The ability to use resources straight from HDRI Haven would be logicool.
If you have an asset with such scene I can import it into Urho. A gltf from sketchfab or a link to free Unity asset will suffice.
I’ve imported a HDRI Haven sky previously into Urho using spehere mesh and skydome shader… Is there anything else to it beside internal 8 bit rgb representation?
Maybe not.
That looks gorgeous!
Any chance of a video?
I’m not sure if a video is better than a screenshot in this case…
Yeah that looks alot better. Is that all PBR shaders?
Yep. I’ve added support for HDRP/Lit shader. The scene is supplied in HDRP setup. I’ve switched off all light sources but directional (sun) and added fog similar to the original scene.
Not really internally, it’s more just how the image is loaded by the engine. RGBE images have use the E channel as an exponent for a given pixel so you can get high dynamic range without needing higher precision. I’d have to look at the internal workings of both stb_image and the image class but I don’t think that the texture you wind up getting in Urho3D is HDR. The image class doesn’t support that. I’ll give an update after I check.
I think PBR rendering is already past… Just saw the UDK 5 demo and i was completely blown away. This technology is just ublievable ! No normal maps , no baked lights no specular maps no worries about poly count just focus on creativity and art ! Also the extreme procedural intelligent animation system will save enormous time so you don’t need to waste time on hunting/cleaning mocap files. I hope new open source engines will be based on this sort of technology…
I’m quite sure PBR is still there.

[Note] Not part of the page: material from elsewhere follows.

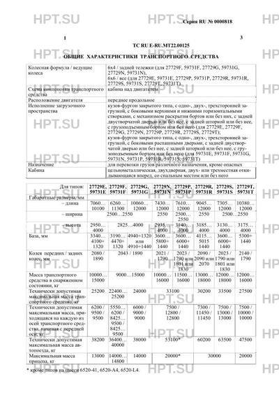 | Дополнительная информация | В случае превышения параметров, указанных в пунктах 2.1 и 2.2 приложения № 5 к техническому регламенту Таможенного союза «О безопасности колесных транспортных средств», для передви-жения транспортных средств по территории государств — членов Таможенного союза необходимо оформление специального разрешения. Транспортные средства: 27729E, 59731E изготовлены на шасси КАМАЗ тип 65111 модификации 65111-42, 65111-46; 27729F, 59731F изготовлены на шасси КАМАЗ тип 65115 модификации 65115-42, 65115-46, 65115-А4, 65115-L4; 27729G, 59731G изготовлены на шасси КАМАЗ тип 65117 модификации 65117-42, 65117-46, 65117-А4, 65117-L4; 27729N, 59731N изготовлены на шасси КАМАЗ тип 6520 модификации 6520-41, 6520-43, 6520-44, 6520-73, 6520-74, 6520-А4, 6520-К4, 6520-L4; 27729Р, 59731Р изготовлены на шасси КАМАЗ тип 6522 модификации 6522-40, 6522-41, 6522-43; 27729R, 59731R изготовлены на шасси КАМАЗ тип 65224 модификации 65224-43, 65224-44; 27729S, 59731S изготовлены на шасси КАМАЗ тип 65225 модификации 65225-43, 65225-44; 27729N, 59731T изготовлены на шасси КАМАЗ тип 6360 модификации 6360-73, 6360-74. |

Also the “Nanite” tech isn’t for characters.
Procedural animation… What Urho needs is a IK character setup (at least similar to Unity) to do this: https://www.youtube.com/watch?v=KLjTU0yKS00
At least this way you won’t need a set of animations for bipedal characters as it could be calculated in runtime.
It’s amazing tech, but some of their claims are a tad misleading. They actually still use normalmaps in quite a few of those assets, but they are more just scratches and stuff, super small detail that’s harder to be carried by geometry even if it’s a super dense mesh. Pretty sure they are still use gloss/roughness maps because they aren’t simulating light bounces at a microscopic level. I think Urho could really benefit from some form of realtime bounced lighting, but that’s not exactly something that most indie devs will need. Most people are totally fine with baked GI. (that being said, Godot is getting a neat new RT GI in addition to updates to their existing system.)
I really think there needs to be a good look and evaluate some of the more basic aspects of the renderer. The already mentioned HDR texture loading is an issue, I think I saw someone mention the possibility of clustered lighting. I see a lot of people complain about the current Urho UI, perhaps we can evaluate the idea of either overhauling or replacing the UI functionality.
12 posts were split to a new topic: UI - discussion
Forgot to give an update on this. stb_image converts radiance images to HDR automatically, which means that once you actually get the image in Urho it’s still LDR and you don’t even have access to the E channel to do the HDR conversion manually in a shader.